=== Section Start ===
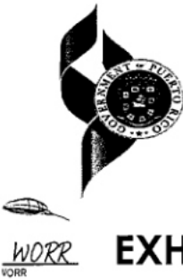
EXHIBIT A SCOPE OF WORK CITY REVITALIZATION PROGRAM MUNICIPALITY OF VILLALBA

The Puerto Rico Department of Housing ( PRDOH ) has established the following Scope of Work as part of the SRA between PRDOH and the Subrecipient for the City Revitalization Program ( Program ) as part of the Community Development Block Grant for Disaster Recovery ( CDBG-DR ) Program.
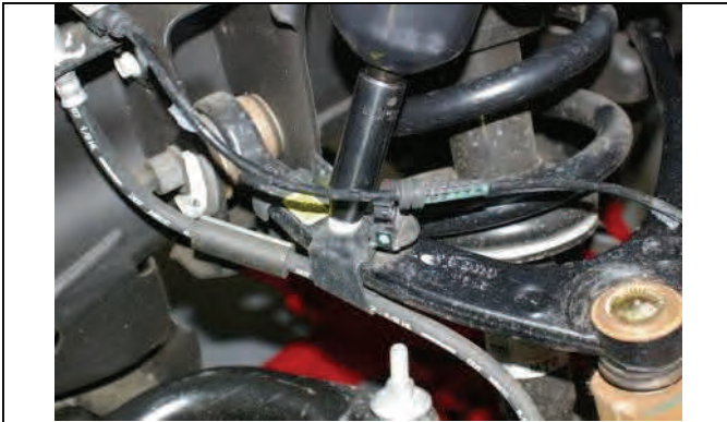
Disconnect ABS/brake bracket from upper control arm.
=== Section End ===
Task objective: What the answer needs is every line from the one containing "The Puerto Rico" through the final line of the data above, copied exactly, without pictures.

Answer:
The Puerto Rico Department of Housing ( PRDOH ) has established the following Scope of Work as part of the SRA between PRDOH and the Subrecipient for the City Revitalization Program ( Program ) as part of the Community Development Block Grant for Disaster Recovery ( CDBG-DR ) Program.
Disconnect ABS/brake bracket from upper control arm.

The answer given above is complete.